I think we can all agree that moving forward, as a global community, humanity will invest more in data-driven approaches since it has already seen the effectiveness of proper data analysis on business strategies and market growth.
In Essence
Just like DevOps, DataOps revolves around incorporating agile methodologies in how data is handled throughout the business; this includes all the steps such as collecting raw data, data transformation, data curing, data access control, data storage architectural design, data storage capacity planning, data analyses, and business value extraction and incorporation.
DataOps is not limited to AI projects but enterprises that successfully incorporate AI into their business strategy depend on DataOps more seriously, so some of these operations are specifically implemented for machine learning steps such as feature engineering and handling data outliers.
Most of the above data-handling-related procedures can be categorized under the Data Lifecycle Management (DLM) umbrella.
Data Lifecycle Management (DLM)
Managing the flow of information from extracting newer ones to storage and cleaning the deprecated ones, is in the governance of DLM. Just like a state machine, data is categorized into different tiers and states according to business strategies.
Tiers: We'll be discussing data tiers in an extensive article later, but to make it short: the tier of data is the ranking of data based on how often it's requested by the application flow.
States: At the very point of collection, data are considered raw data, meaning no transformation has been applied yet. The next step is to clean and transform the data which would then enter the (pre-) processed data phase. Afterward, data will enter in either one of two final phases: deprecation which will lead to deletion, or archiving which will lead to being stored in a higher tier (less important, less relevant) data storage.

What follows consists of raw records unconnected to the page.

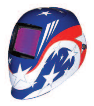
Variable Shade Filters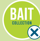
COLLECTING OF BAIT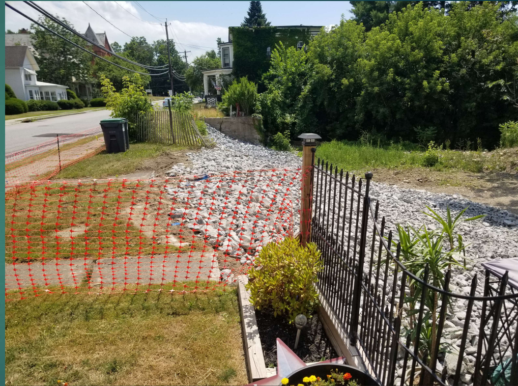
From south edge of 115 Main Street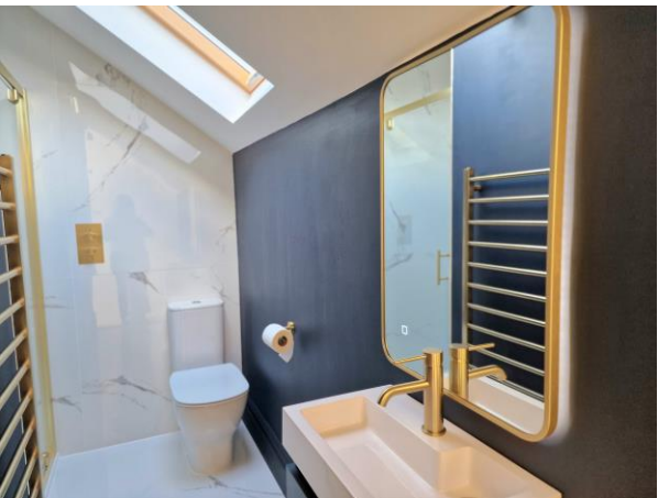
ENSUITE SHOWER ROOM 12' 8" x 6' 2" (3.86m x 1.88m)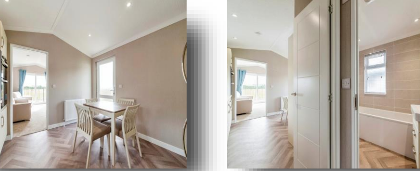
view this property online williamhbrown.co.uk/Property/GST112373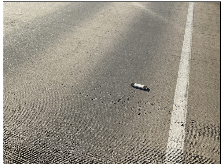
Span 3: Unsealed deck cracks up to 0.030 inch. Common to all spans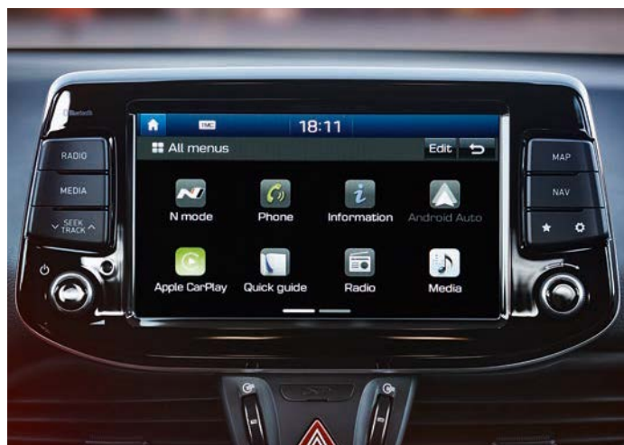
8" touch screen infotainment system 8 吋輕觸式資訊娛樂系統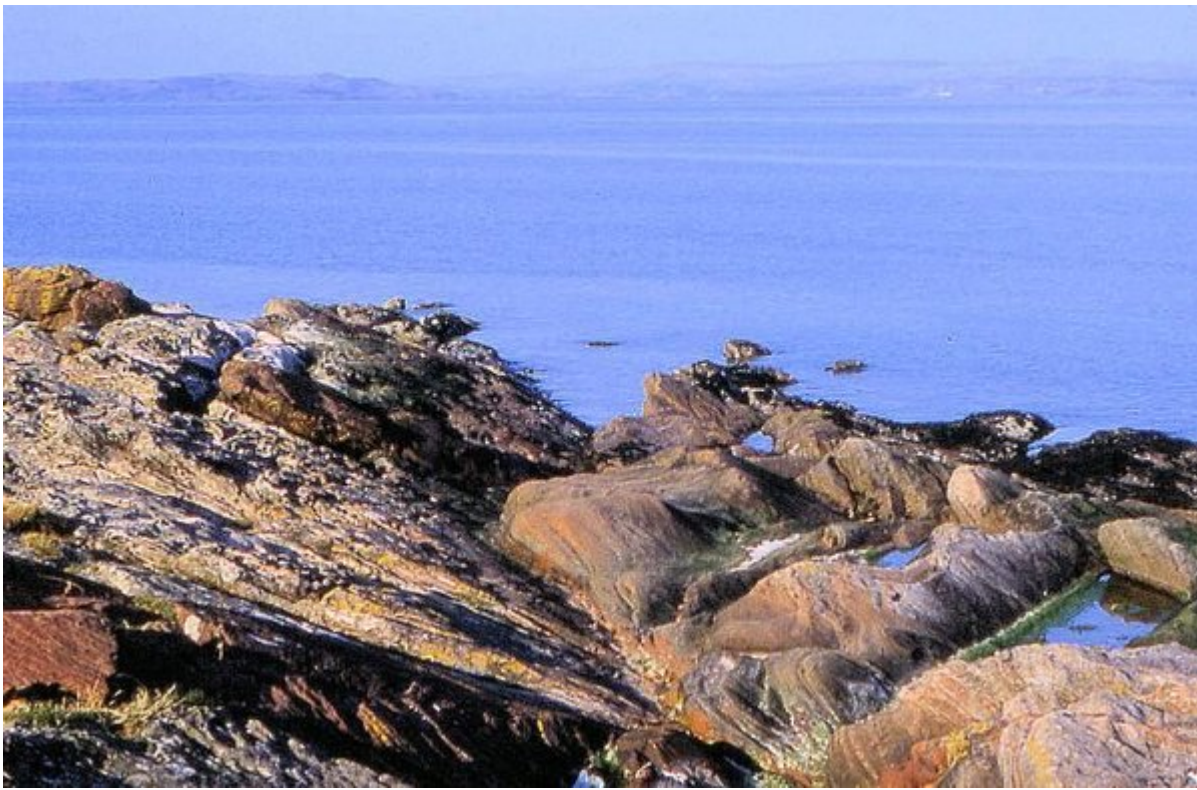
(Figure 9) The Carboniferous-Permian unconformity. The smooth weathering large cross-bedded units of the Permian Corrie Sandstone on the right contrast with the disturbed bedding of the Carboniferous strata on the left (see also (Figure 8)).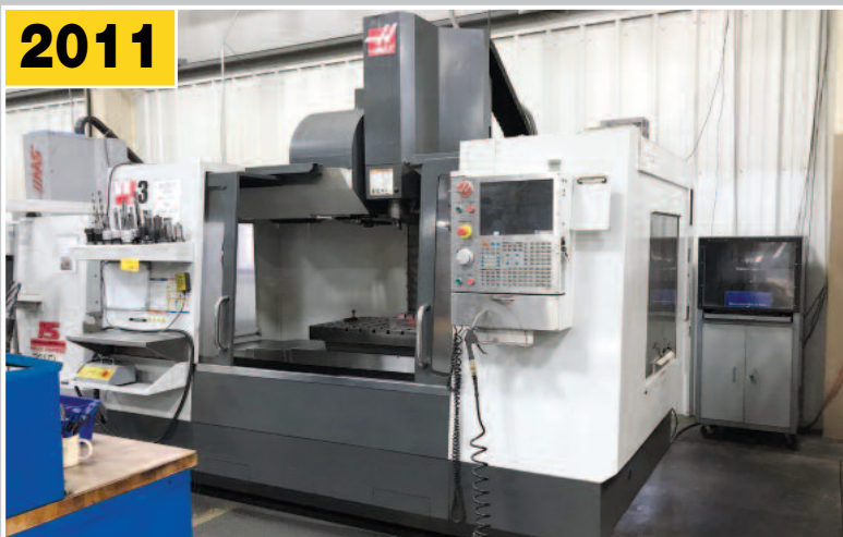
HAAS VM-3 CNC VMC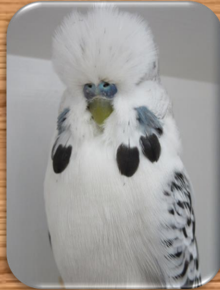
B Bathols WA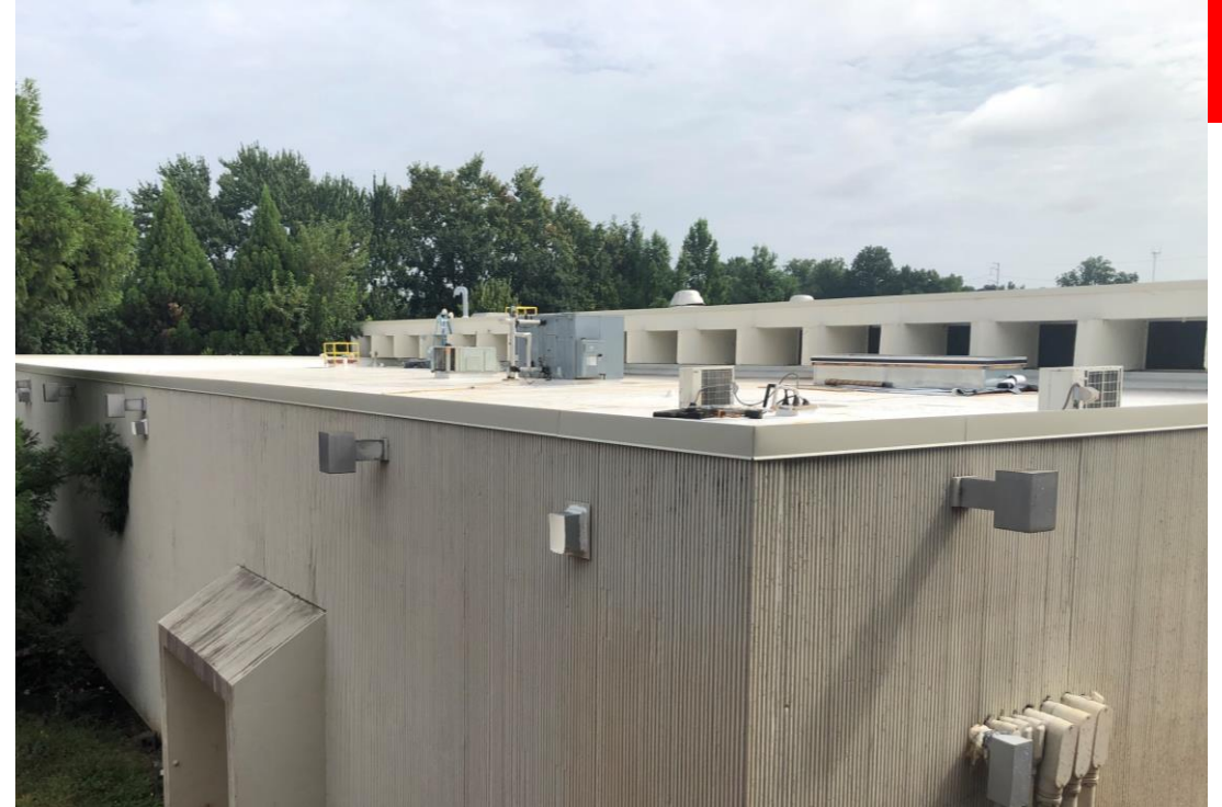
Metal Coping installed at Performance Gym Roof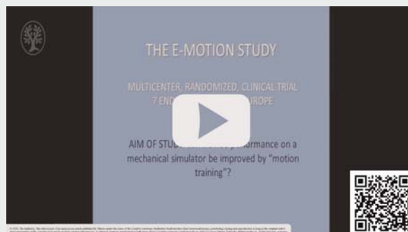
► Video 1 The Emotion Study: Motion training, theoretical briefing and cannulation attempts performed on the Boskoski-Costamagna ERCP trainer.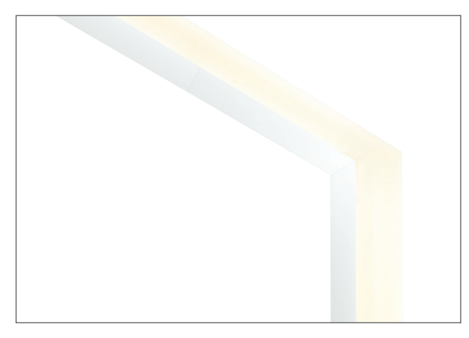
MERGE shown flangeless

Max run length is 80' for the channel; typical max run length is 40' for the low-voltage bus which can be powered from both sides for a total of 80'; system wattage will impact max run length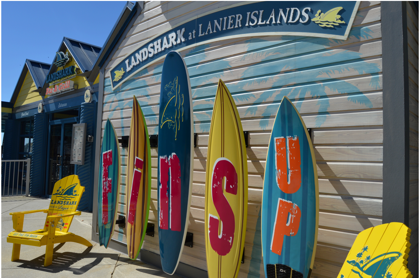
LandShark Bar and Grill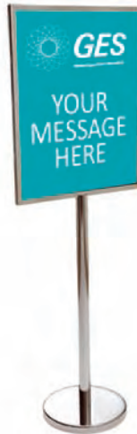
22" W X 28" H Chrome Sign Holder (sign extra)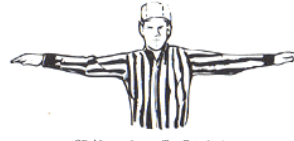
25. Unsportsmanlike Conduct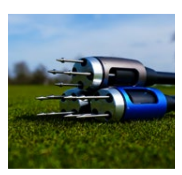
3 MODELS FOR DIFFERENT COURSE CONDITIONS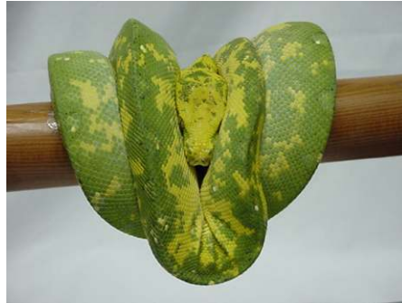
Male ID# 99017 Indonesian Import, Biak Locality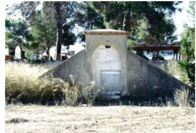
Villa 'El Poblet', in Petrer, last residence of the president Juan Negrín in Spain; and air-raid shelter in the Monovar place known as 'El Fondó'.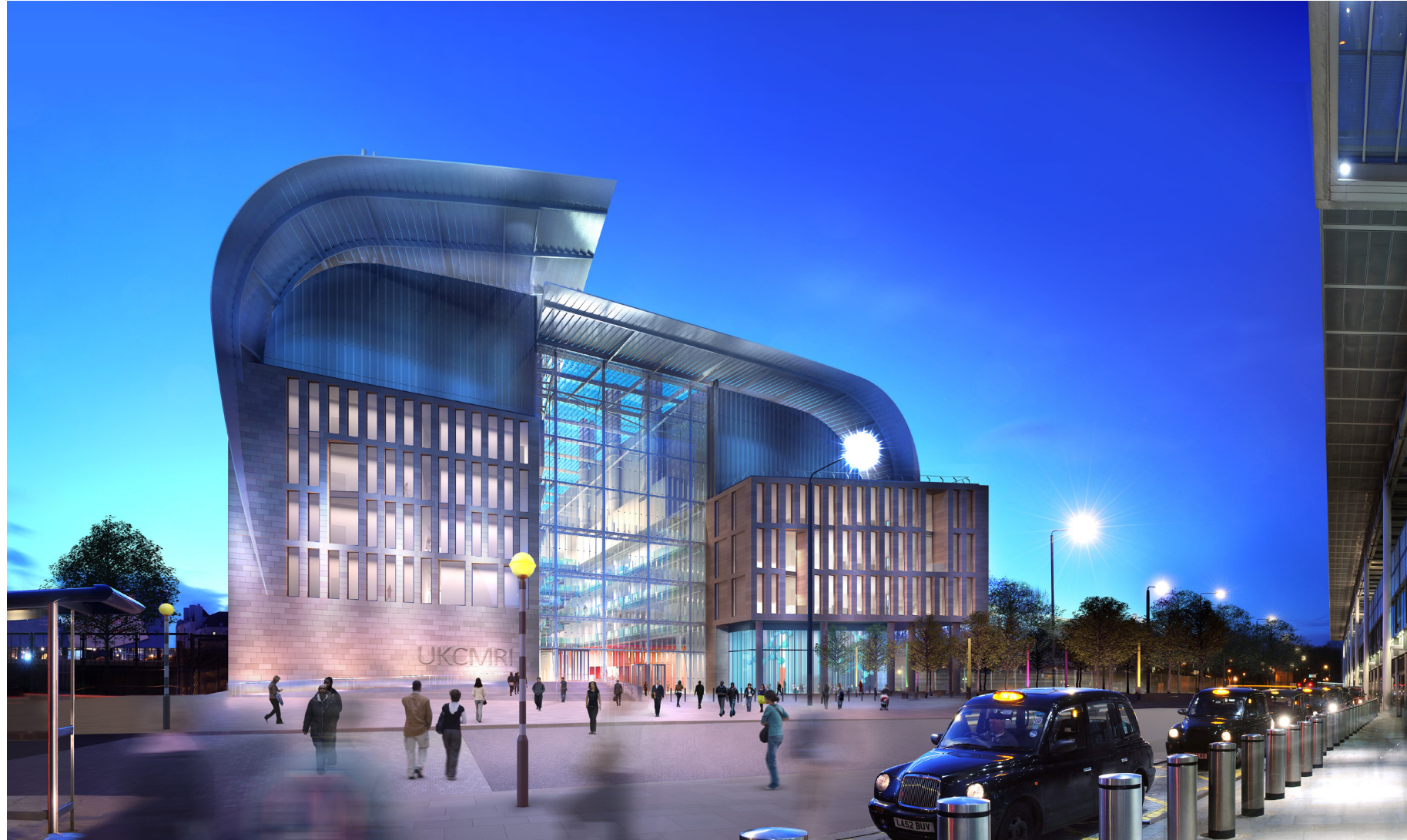
Fig 6-5. Indicative view looking at Midland Road entrance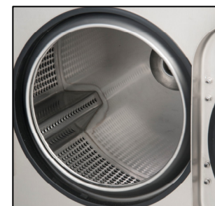
Superior cylinder design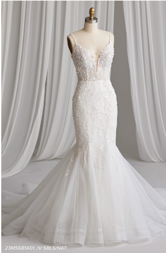
23MS681A01, IV SBLS/NAT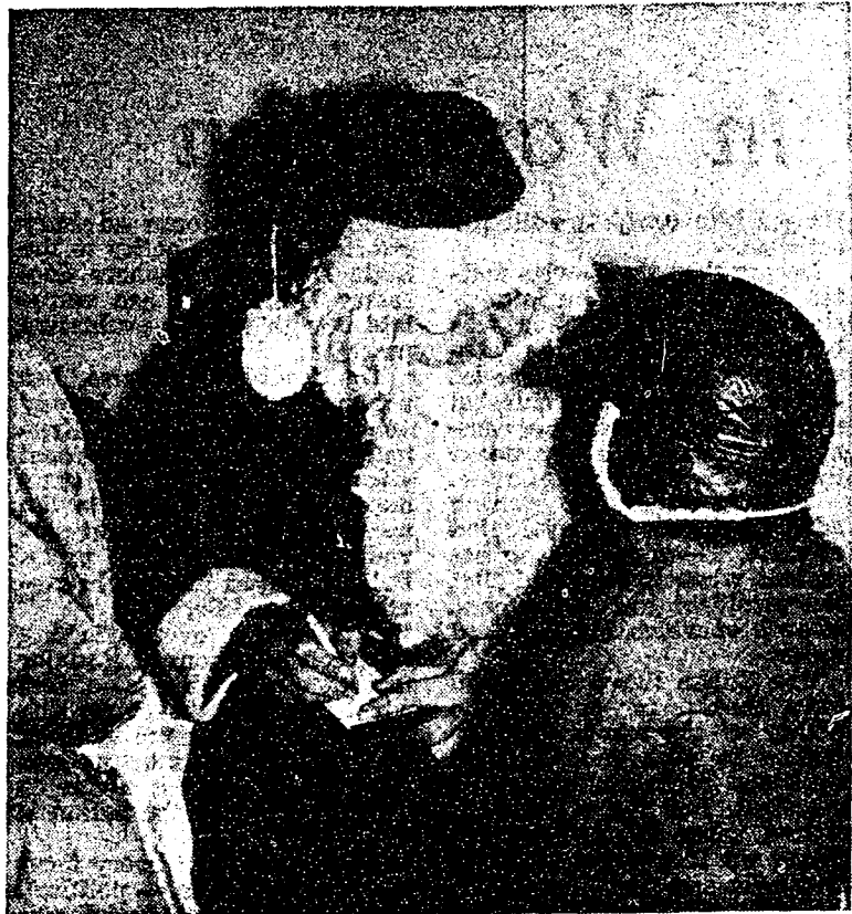
"IT'S NOT TRUE." To a young man-on-the-street, interviewed yesterday by a distinguished bearded seasonal reporter for The Daily Collegian, persistently denied reports that there is no Santa Claus. Disturbed at the rumor, the reporter is conducting a survey to discover if the statement is true.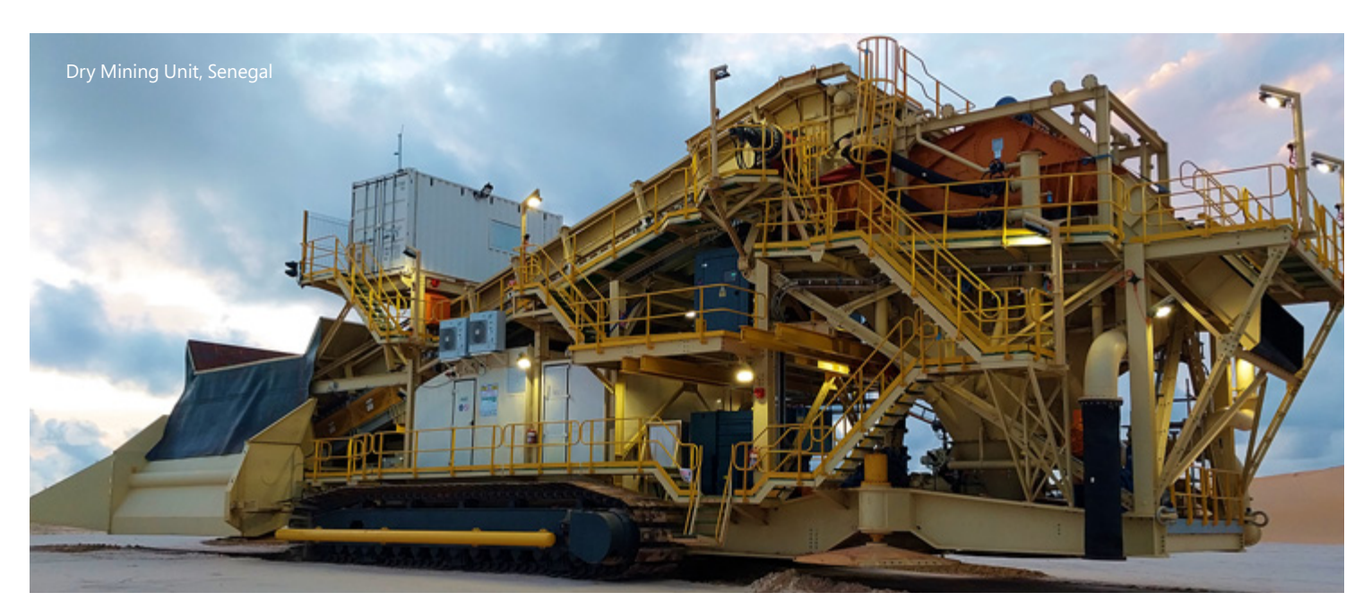
LYCOPODIUM LIMITED FY2023 FINANCIAL REPORT | 30 JUNE 2023

In Infrastructure, we continue to provide design, engineering, technical advisory and Rail Infrastructure Management (RIM) services for greenfield and brownfield rail projects across Australia. The Australian Rail Track Corporation's (ARTC) Southern Highlands Overtaking Opportunities Detailed Design package, to improve the efficiency of freight and passenger services between Sydney and Melbourne, is a significant scope of work undertaken in FY2023. Our Infrastructure business has recently been

Predominantly, DLM covers three major aspects:
Data Security and Access Control Management
Generally, direct write access to production data should be prohibited. But read access to some information should also be restricted in some cases; e.g. Personal Identifiable Information (PII) of users, sensitive business strategy related, or user private usage information.
Data Integrity (Healthiness + Recoverability)
Data must be accurate and consistent across multiple copies and DB instances.
Data Availability
Data should be accessible by valid users/operators according to the designed protocols and request handling procedures.
Notes
DLM is not a product but a comprehensive approach that involves designing different procedures, utilizing specialty software, and adhering to a set of practices.
Regarding Data States: After processing the data, new potentials could also be discovered and data generation could happen. This is because after applying some data transformation techniques, new connections and comprehensive complex data indices could be discovered which may prove to be useful even more than the original data.
In Practice
The first steps are about creating a data pipeline workflow, where raw data is generated, collected, transformed, stored, and made accessible for use in the application workflow. This involves designing the request-response flowchart, properly overestimating the amount of data generated, and choosing the right infrastructure for different components of the pipeline.
Afterward, one must incorporate monitoring tools, especially (but not limited to) in critical steps of the pipeline to verify the validity and distribution of different metrics in the data. These tools are usually categorized under Statistical Process Control (SPC) umbrella. The goal of such tools is to use statistical techniques to derive useful insights and then use them to control specific procedures throughout a process. If you're interested in statistical analysis, you can refer to the rather brief section Descriptive Statistics in my other article. SPCs make sure that data is within the valid range, missing values are reported or cured and in case of high-level anomaly detection, raise alerts for requesting immediate help.
Some of the best practices according to TechTarget are:
Establish progress benchmarks and performance measurements at every stage of the data lifecycle.
Define semantic rules for data and metadata early on.
Incorporate feedback loops to validate the data.
Use data science tools and business intelligence data platforms to automate as much of the process as possible.
Optimize processes for dealing with bottlenecks and data silos, typically involving software automation of some sort.
Design for growth, evolution and scalability.
Use disposable environments that mimic the real production environment for experimentation.
Create a DataOps team with a variety of technical skills and backgrounds.
Treat DataOps as lean manufacturing by focusing on continuous improvements to efficiency.
It's a Framework
The DataOps framework is made up of tools and technologies for AI and data management, an architecture that fosters constant innovation, cooperation between the data and engineering teams, and a strong feedback loop. DataOps blends ideas from Agile methodology, DevOps, and Lean manufacturing to accomplish these.
Agile Methodology
Incorporating an agile mindset for the data team breaks down enormous tasks into feasible chunks and allows iterative planning, and assessment. Working with data includes occasional unpredicted situations that oftentimes demand a fast response. Agile principles provide the team with enough flexibility to cover all these bases.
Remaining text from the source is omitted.